Facebook Trains ImageNet in 1 Hour

Facebook published a paper today detailing how they are able to train nearly 1.3 million images in under an hour using 256 Tesla P100 GPUs that previously took…

Brad Nemire
2 min readadvanced
--
View Original

Overview

Facebook's recent paper reveals their ability to train nearly 1.3 million images in under an hour using 256 Tesla P100 GPUs, significantly reducing the training time of a ResNet-50 deep learning model on ImageNet from 29 hours to one. This achievement was made possible by distributing training across larger minibatches and optimizing communication between GPUs.

What You'll Learn

1

How to train deep learning models using distributed systems

2

Why using larger minibatch sizes can improve training efficiency

3

How to implement linear scaling rules for learning rates

Prerequisites & Requirements

  • Understanding of deep learning concepts and GPU architecture
  • Familiarity with NVIDIA Collective Communications Library (NCCL)(optional)

Key Questions Answered

How did Facebook reduce ImageNet training time from 29 hours to 1 hour?
Facebook achieved this reduction by distributing training across 256 Tesla P100 GPUs with larger minibatch sizes up to 8,192 images.
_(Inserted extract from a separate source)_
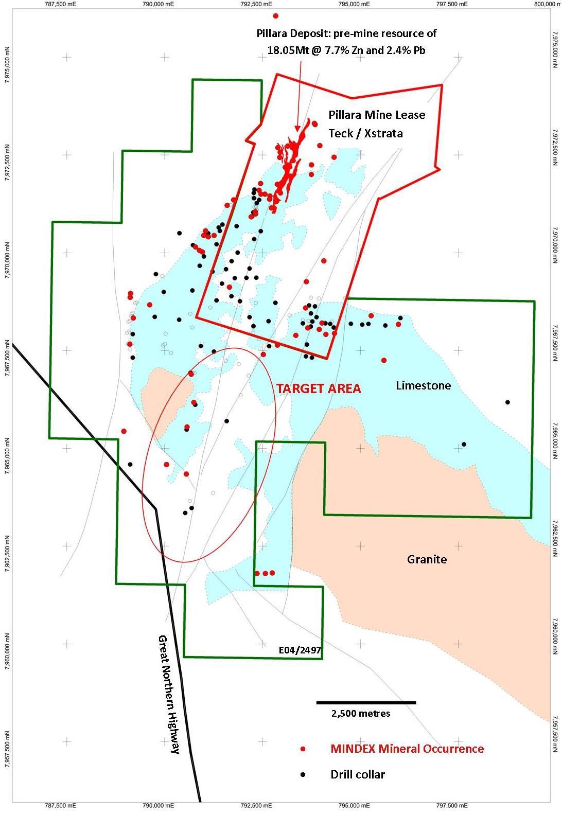 - New 100% - owned tenement application called "Billy Hills" adjoining the Pillara Zinc Mine (pre-mine resource of 18.05 million tonnes at 7.7% Zn and 2.4% Pb). (see the Note below)

They implemented a linear scaling rule for learning rates and developed a warmup scheme to address optimization challenges early in training, resulting in near-linear SGD scaling.
What technology did Facebook use for deep learning in this project?
Facebook utilized the open-source deep learning framework Caffe2 and their Big Basin GPU server, which features eight NVIDIA Tesla P100 GPU accelerators interconnected using NVIDIA NVLink. This setup facilitated efficient training across multiple GPUs.
What is the significance of using NCCL in distributed training?
NVIDIA Collective Communications Library (NCCL) is crucial for optimizing multi-GPU collective communication. It enables efficient local reduction and enhances performance during distributed training, allowing for faster convergence and improved scalability.

Key Statistics & Figures

Training time reduction
From 29 hours to 1 hour
This statistic highlights the efficiency achieved by Facebook's distributed training approach.
Number of images trained
1.3 million images
This figure illustrates the scale of the training task that was accomplished in a significantly reduced timeframe.
Minibatch size
Up to 8,192 images
This size was used effectively across 256 GPUs to optimize training performance.

Technologies & Tools

Framework
Caffe2
Used for building and training deep learning models.
Hardware
Nvidia Tesla P100
GPU accelerators used for distributed training.
Hardware
Nvidia Nvlink
Interconnect technology used to link multiple GPUs.
Library
Nvidia Collective Communications Library (nccl)
Used for optimizing multi-GPU communication during training.

Key Actionable Insights

1
Utilizing larger minibatch sizes can drastically reduce training time for deep learning models.
By increasing the minibatch size to 8,192 images across multiple GPUs, Facebook was able to maintain accuracy while significantly speeding up the training process, which is essential for large-scale image recognition tasks.
2
Implementing a linear scaling rule for learning rates is vital when increasing minibatch sizes.
This approach helps in maintaining model performance and stability during training, especially when leveraging multiple GPUs, ensuring that the learning process remains effective.

Common Pitfalls

1
Failing to adjust learning rates appropriately when increasing minibatch sizes can lead to suboptimal training outcomes.
Without a proper scaling rule, models may converge poorly or take longer to train, negating the benefits of using larger batches.